**Brief**
Repeat only the stretch of lines below that runs from the line with "Handmatige folielasser is" through the line with "资金流向数据方面,本周弘景光", unaltered.

**Available records**
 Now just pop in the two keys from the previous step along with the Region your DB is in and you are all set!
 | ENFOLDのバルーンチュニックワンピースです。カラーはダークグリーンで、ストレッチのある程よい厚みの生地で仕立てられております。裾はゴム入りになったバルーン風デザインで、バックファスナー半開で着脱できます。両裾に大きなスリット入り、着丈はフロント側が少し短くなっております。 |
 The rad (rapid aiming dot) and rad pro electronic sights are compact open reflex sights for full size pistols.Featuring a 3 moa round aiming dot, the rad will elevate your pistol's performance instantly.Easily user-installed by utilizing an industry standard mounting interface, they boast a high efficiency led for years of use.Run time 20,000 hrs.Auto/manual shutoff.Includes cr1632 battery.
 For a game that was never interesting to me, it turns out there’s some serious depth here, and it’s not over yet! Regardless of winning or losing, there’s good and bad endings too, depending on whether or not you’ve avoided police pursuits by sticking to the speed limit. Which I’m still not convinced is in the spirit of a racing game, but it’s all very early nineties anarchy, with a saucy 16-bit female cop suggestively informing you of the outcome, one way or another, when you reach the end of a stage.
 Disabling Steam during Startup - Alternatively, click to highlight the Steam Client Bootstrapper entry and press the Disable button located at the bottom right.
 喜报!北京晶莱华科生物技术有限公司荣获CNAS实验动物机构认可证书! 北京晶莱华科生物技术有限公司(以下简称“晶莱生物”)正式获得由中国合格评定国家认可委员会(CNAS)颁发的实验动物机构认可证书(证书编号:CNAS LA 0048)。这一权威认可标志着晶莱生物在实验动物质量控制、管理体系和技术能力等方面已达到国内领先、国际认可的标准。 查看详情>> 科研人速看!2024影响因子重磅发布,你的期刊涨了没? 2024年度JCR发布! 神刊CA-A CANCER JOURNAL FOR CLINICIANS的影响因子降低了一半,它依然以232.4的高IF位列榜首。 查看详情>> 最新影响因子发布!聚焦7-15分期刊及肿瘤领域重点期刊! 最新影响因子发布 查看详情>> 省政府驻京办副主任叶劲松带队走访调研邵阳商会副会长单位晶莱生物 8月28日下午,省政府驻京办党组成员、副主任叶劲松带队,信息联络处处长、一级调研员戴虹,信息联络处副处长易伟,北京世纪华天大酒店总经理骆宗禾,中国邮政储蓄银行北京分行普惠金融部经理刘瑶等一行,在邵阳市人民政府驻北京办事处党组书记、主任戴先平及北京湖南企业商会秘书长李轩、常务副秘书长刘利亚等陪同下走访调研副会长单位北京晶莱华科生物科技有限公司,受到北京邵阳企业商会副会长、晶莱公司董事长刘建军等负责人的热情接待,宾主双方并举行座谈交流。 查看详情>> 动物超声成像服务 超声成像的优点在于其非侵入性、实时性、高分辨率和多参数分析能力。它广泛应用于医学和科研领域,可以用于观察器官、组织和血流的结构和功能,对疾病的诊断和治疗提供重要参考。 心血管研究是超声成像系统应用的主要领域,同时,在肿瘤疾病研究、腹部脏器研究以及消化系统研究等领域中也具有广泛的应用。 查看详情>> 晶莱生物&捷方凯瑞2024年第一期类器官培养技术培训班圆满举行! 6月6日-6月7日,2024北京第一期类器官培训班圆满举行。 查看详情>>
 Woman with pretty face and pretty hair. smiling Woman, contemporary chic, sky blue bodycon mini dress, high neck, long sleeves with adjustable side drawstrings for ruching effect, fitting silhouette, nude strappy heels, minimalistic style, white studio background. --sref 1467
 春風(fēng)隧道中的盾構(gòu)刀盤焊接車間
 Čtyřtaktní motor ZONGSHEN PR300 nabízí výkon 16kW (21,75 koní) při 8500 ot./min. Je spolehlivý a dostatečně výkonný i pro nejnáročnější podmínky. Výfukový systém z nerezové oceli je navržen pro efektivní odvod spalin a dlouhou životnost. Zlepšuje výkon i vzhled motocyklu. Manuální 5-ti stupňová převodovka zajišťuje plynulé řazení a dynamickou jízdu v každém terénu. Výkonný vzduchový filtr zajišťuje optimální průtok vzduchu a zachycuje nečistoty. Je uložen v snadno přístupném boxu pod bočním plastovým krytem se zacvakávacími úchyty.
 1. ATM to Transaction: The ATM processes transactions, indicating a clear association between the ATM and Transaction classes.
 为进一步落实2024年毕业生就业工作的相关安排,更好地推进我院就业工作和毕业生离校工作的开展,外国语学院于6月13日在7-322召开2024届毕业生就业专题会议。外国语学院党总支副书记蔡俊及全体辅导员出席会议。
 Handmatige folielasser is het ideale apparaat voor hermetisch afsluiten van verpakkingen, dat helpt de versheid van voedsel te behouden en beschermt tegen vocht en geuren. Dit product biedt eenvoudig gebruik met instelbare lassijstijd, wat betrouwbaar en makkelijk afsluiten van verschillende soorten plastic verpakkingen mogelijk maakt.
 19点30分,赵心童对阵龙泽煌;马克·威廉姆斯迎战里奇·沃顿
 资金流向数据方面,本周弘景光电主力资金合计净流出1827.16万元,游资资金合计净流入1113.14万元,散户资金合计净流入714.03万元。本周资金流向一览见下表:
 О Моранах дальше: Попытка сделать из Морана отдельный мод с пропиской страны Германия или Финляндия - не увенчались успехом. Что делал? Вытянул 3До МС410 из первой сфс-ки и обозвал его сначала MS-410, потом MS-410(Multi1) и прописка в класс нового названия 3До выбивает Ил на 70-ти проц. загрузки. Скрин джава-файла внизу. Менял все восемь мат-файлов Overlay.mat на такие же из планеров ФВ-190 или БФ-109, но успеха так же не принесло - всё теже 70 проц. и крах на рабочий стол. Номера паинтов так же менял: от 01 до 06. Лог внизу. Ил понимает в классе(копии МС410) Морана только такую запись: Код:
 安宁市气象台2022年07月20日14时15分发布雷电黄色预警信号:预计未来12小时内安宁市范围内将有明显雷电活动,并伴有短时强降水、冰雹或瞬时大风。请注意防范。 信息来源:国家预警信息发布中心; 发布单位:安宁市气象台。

**Exercise result**
 Handmatige folielasser is het ideale apparaat voor hermetisch afsluiten van verpakkingen, dat helpt de versheid van voedsel te behouden en beschermt tegen vocht en geuren. Dit product biedt eenvoudig gebruik met instelbare lassijstijd, wat betrouwbaar en makkelijk afsluiten van verschillende soorten plastic verpakkingen mogelijk maakt.
 19点30分,赵心童对阵龙泽煌;马克·威廉姆斯迎战里奇·沃顿
 资金流向数据方面,本周弘景光电主力资金合计净流出1827.16万元,游资资金合计净流入1113.14万元,散户资金合计净流入714.03万元。本周资金流向一览见下表:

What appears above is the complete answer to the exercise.